Youssef Bahket with pails of water collected beneath a hole in the ceiling at Brownstone Cleaners. (Click to enlarge)
A roof leak at a Red Bank laundry shop early Tuesday ruined customer garments and may have caused tens of thousands of dollars worth of equipment damage, the owners say.
It also unleashed a torrent of accusations between the owners and their landlord.
According to borough fire department officials who investigated the incident Tuesday morning, the leak was one of many caused by a combination of heavy rain and ice-blocked downspouts, some of which have tripped alarms.
But Youssef Bahket of Brownstone Cleaners claims that today’s leak is just the latest in a series of leaks dating back years that the building’s landlord has refused to fix. He said he went to the police station out of desperation, prompting a visit by safety inspectors and the fire department also the latest in a series.
In reply, landlord Linda DeAngelis, who lives above the business, says Bahket is “an arrogant, conniving liar” who “lied” to officials by claiming the roof had collapsed in two places when it is merely leaking, a problem she says she’s racing to fix.
Bahket shows off water collected in a sump in a room that he says safety inspectors put off-limits with caution tape a year ago because of a collapsing floor. (Click to enlarge)
Bahket showed redbankgreen numerous places where water was still pouring through the ceiling late Tuesday morning, including a leak that he believes may have destroyed a $35,000 dry-cleaning machine.
“I’m scared to put the electricity on,” he said. “The fire department said, ‘Don’t put it on.'”

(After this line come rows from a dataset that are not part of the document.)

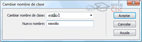 También se puede cambiar el nombre del estilo, es mejor que el estilo tenga un nombre que indique a qué tipo de texto se va a aplicar. Para ello accedemos al panel Estilos, hacemos clic con el botón derecho sobre el estilo y seleccionamos la opción Cambiar nombre... Aparecerá un cuadro de diálogo para que introduzcamos el nuevo nombre como la imagen inferior.
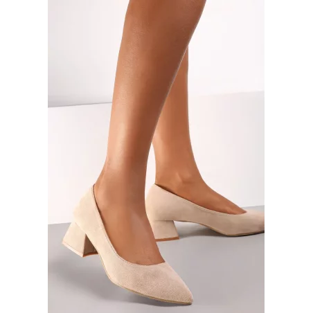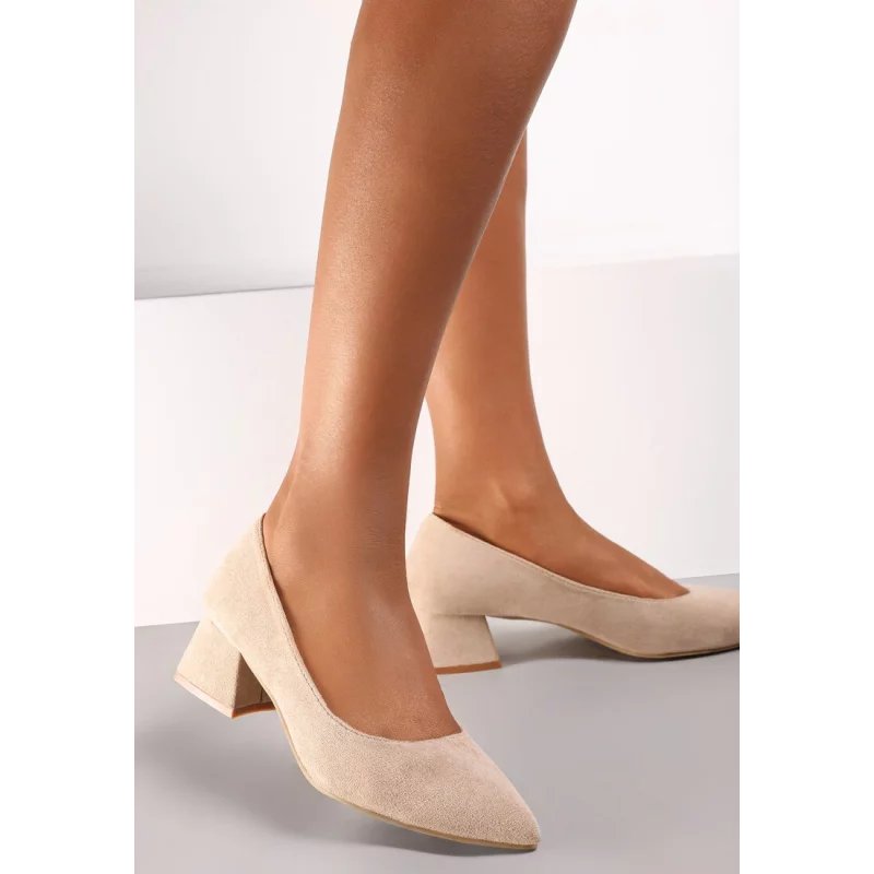 Czółenka Kallomela na stożkowym obcasie, wykonane z ekozamszu w jednolitym kolorze. Ze szpiczastym, eleganckim noskiem. Wkładka z ekoskóry, znacząco zwiększająca komfort noszenia. Dodadzą Ci mnóstwa kobiecości i optycznie wysmuklą nogi. Noś je w zestawie z sukienkami mini typu kopertowe lub bodycon! Najlepiej leżą na wąskiej stopie.
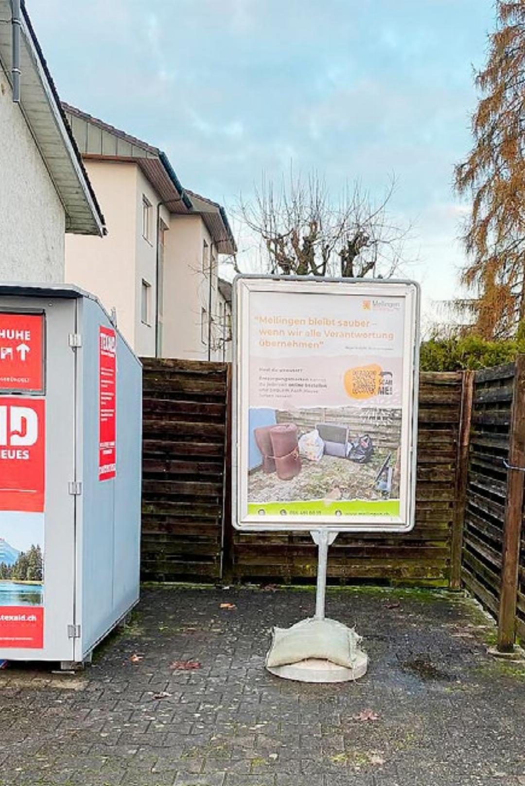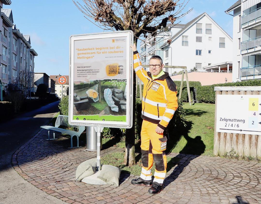 Seit einer Woche stehen an der Entsorgungsstelle an der Gheidstrasse und in der Kurve des Zelgwegs gut sichtbar Plakate. «Wir hoffen, dass es eine abschreckende Wirkung hat, wenn auf den Plakaten ein Foto vom gleichen Platz mit illegalem Müll zu sehen ist», so Kamm. Auf dem Plakat steht zudem der eingängige Spruch: «Sauberkeit beginnt bei dir – gemeinsam für ein sauberes Mellingen.» Mittels QR-Code wird erklärt, was und wie in Mellingen legal entsorgt werden kann. Weiter steht: «Weisst du, dass du Entsorgungsmarken online bestellen und bequem nach Hause liefern lassen kannst?» Würden alle sich verinnerlichen, was auf den Plakaten einfach erklärt wird, wäre Schluss mit illegal entsorgtem Hausrat. Das nach dem Motto: Entsorgungsmarke draufkleben und die Müllabfuhr nimmt ganz legal das nicht mehr gebrauchte Möbel mit.

The leaks have been occuring for years, he said, with DeAngelis sending out a repairman to make patches just once, two years ago, only to have the problem recur shortly thereafter.
“It’s always, ‘I will, I will, I will,'” said Bahket’s wife, Karen.

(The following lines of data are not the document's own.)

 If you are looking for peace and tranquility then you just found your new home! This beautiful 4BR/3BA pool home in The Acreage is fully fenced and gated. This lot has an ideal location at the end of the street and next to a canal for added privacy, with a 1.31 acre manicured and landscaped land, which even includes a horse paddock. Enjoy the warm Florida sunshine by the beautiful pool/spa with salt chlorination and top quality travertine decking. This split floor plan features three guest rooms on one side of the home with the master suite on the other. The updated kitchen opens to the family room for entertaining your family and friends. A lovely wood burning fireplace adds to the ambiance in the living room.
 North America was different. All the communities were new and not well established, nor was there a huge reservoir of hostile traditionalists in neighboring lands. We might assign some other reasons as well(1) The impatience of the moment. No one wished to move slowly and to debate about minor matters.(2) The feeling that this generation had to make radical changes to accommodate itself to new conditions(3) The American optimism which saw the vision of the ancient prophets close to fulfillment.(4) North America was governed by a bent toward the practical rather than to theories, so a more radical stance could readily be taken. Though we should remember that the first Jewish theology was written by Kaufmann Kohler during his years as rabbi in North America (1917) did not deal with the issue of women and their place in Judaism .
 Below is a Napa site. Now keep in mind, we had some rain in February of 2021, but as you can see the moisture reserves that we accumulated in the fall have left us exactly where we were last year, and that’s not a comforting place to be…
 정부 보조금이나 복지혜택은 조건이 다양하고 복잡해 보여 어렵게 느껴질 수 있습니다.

The couple also took a reporter to back room where the cement floor has buckled. Safety inspectors put up caution tape about a year ago, the Bahkets said, to prevent anyone from working in or walking through the area, lest it collapse.

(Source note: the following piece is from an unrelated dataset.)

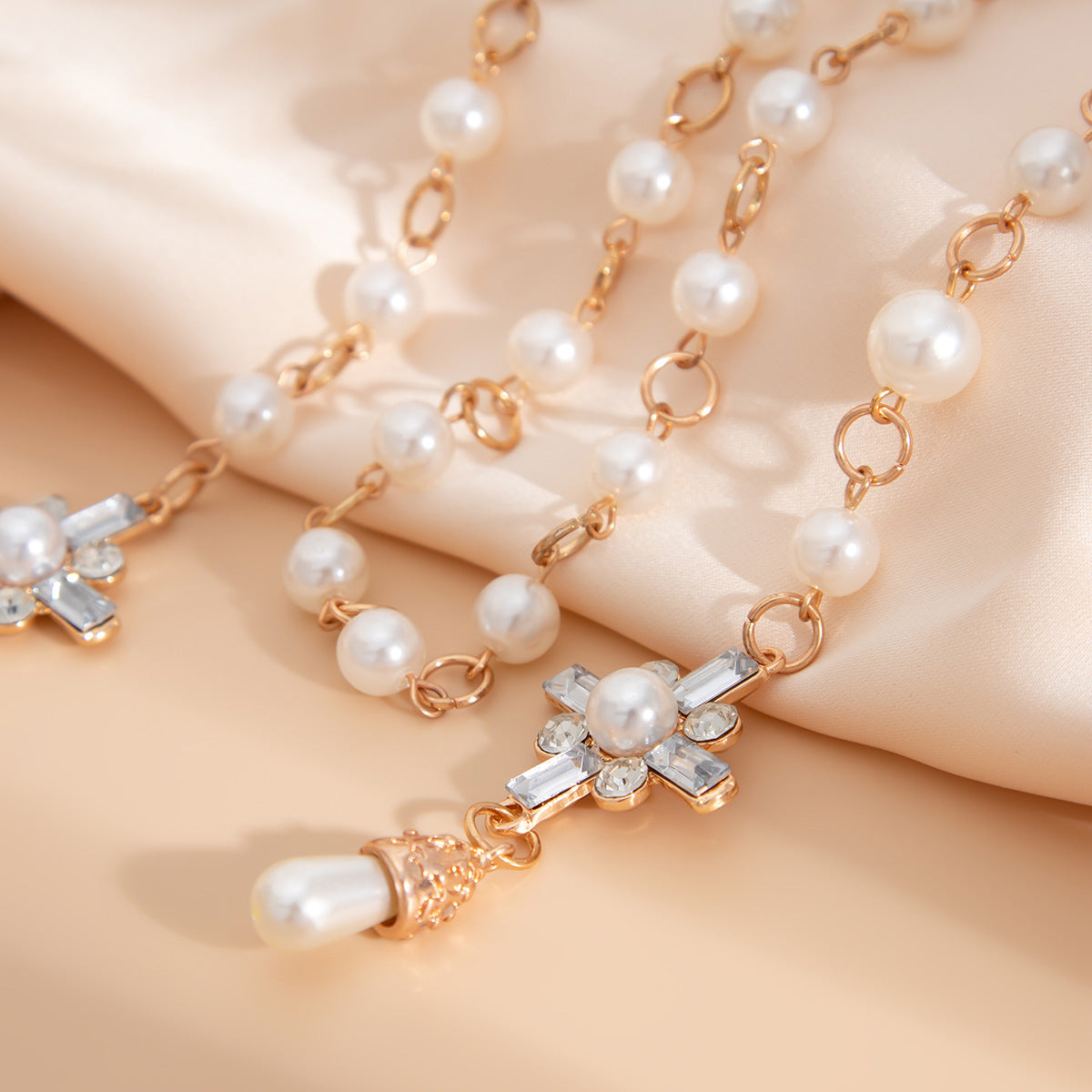 Zilora – Perlenkette mit Kreuz & Tasseln 💖 Modernes und edles Set

The antipathy between the landlord and tenant appears deep-seated and long-running.
The Bahkets have owned the business about four years, and Youssef, and Egyptian immigrant who says his English is not very good, said he naively signed a lease that required him to supply hot water to DeAngelis’ apartment, forcing him to keep a 600-gallon boiler running full-time and driving up his expenses. The lease also requires him to pay for electricity to an adjoining space rented to the Count Basie Theatre Phoenix Productions for storage, he said.
Now, with water pouring in, “I can’t do any work,” he said, adding that none of the authorities he’s spoken to will intervene on his behalf with the landlord. “Is somebody going to help me?”
DeAngelis, who says she’s an officer of Deezee Inc., which owns the building, lit into Bahket when redbankgreen asked her about his claims.
She said she’s urgently trying to fix the leaks, but that Bahket had overstated the problem. She also accused him of violating the lease innumerable ways, from making structural changes that were not authorized to failing to shovel snow in the parking area. She said Bahket’s son had “keyed” her car “at least three times.”
The roof and the floor repairs had been delayed by a “lengthy” review and permitting process at borough hall, less than a block away, but they would be made, she claimed.
“He’s a hostile tenant,” she said. “He’s spiteful and vindictive. He’s doing this to spite us.”
Asked about Bahket’s claim of having been duped into an unfair lease, DeAngelis said Bahket is “stupid stupid like a fox He’s a conniving liar.”